Supplied material:
______
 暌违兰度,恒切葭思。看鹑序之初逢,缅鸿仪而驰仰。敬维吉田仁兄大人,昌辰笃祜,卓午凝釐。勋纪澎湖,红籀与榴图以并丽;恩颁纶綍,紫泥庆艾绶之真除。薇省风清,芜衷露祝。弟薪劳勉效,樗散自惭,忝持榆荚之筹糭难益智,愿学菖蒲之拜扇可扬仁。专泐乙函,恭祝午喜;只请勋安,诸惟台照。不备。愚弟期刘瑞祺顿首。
______
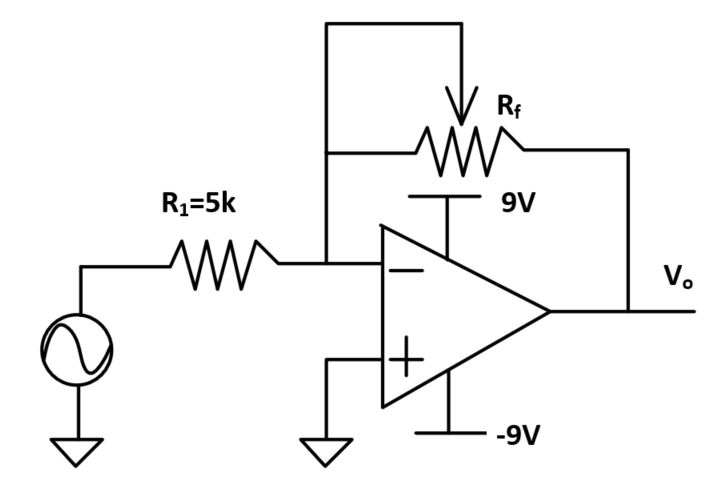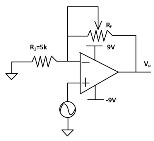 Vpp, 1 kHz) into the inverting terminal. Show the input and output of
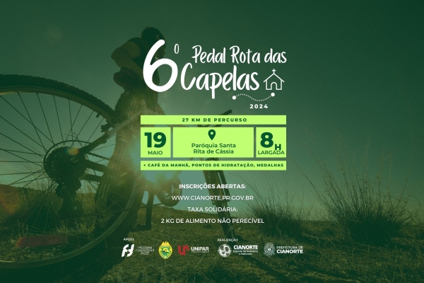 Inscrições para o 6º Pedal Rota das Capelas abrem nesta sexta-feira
______
Exercise: Beginning with the line above that has "Vpp, 1 kHz)" and going on through the line that has "Inscrições para o", retype every line exactly and add nothing else; drop the pictures.

Task solution:
 Vpp, 1 kHz) into the inverting terminal. Show the input and output of
 Inscrições para o 6º Pedal Rota das Capelas abrem nesta sexta-feira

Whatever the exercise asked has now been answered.